Problem details: The required output is the lines from the one with "RiZKiZ 学習椅子 木製" through the end of the data, repeated verbatim, with no pictures included.

Data:
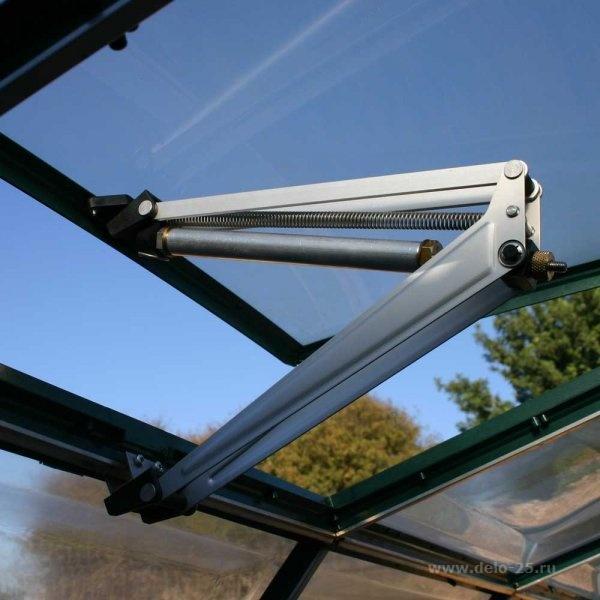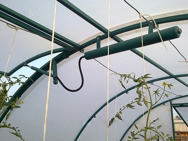 La base des éléments ouvrants des serres est un vérin hydraulique. Lorsque la température augmente dans la serre, l'huile dans le cylindre se réchauffe et se dilate, repoussant ainsi la tige. Il soulève le châssis lui-même et la fenêtre s'ouvre. L'air dans la serre est refroidi, au moment de l'aération, l'huile dans le cylindre se rétrécit à nouveau et à l'aide d'un ressort, le vantail claque. Le système coulissant est assez sensible, de sorte que la serre à ventilation automatique est protégée des rafales de vent et des pluies.
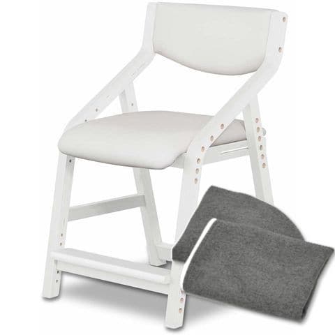 RiZKiZ 学習椅子 木製 (ホワイト×ホワイト/本体+カバー/グレーセット) キッズチェア 座面高さ 6段階 42.5~55cm ダイニングチェア 子供用 キッズ 椅子 イス 学習イス 子いす 送料無料
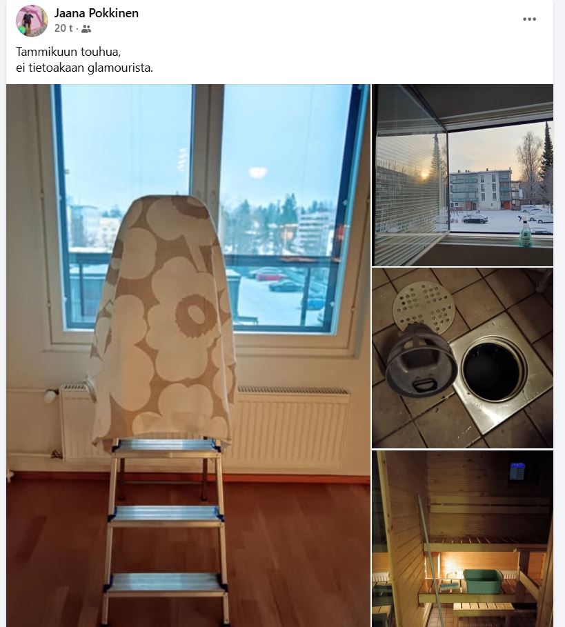 Kipakka pakkanen, -17 astetta. Aamulenkki tehty. Odottelen soittoa Länsi-Uudenmaan hyvinvointialueen palveluohjaaja Janitalta. Toiveikas hankkeeni muuttaa yhteisölliseen asumiseen Espooseen on alkanut takkuisesti. Janita on yrittänyt soittaa jo joulukuun puolella, mutta olen tehokkaasti estänyt vieraan numeron. Nyt hän otti yhteyttä sähköpostin välityksellä.

Exercise solution:
 RiZKiZ 学習椅子 木製 (ホワイト×ホワイト/本体+カバー/グレーセット) キッズチェア 座面高さ 6段階 42.5~55cm ダイニングチェア 子供用 キッズ 椅子 イス 学習イス 子いす 送料無料
 Kipakka pakkanen, -17 astetta. Aamulenkki tehty. Odottelen soittoa Länsi-Uudenmaan hyvinvointialueen palveluohjaaja Janitalta. Toiveikas hankkeeni muuttaa yhteisölliseen asumiseen Espooseen on alkanut takkuisesti. Janita on yrittänyt soittaa jo joulukuun puolella, mutta olen tehokkaasti estänyt vieraan numeron. Nyt hän otti yhteyttä sähköpostin välityksellä.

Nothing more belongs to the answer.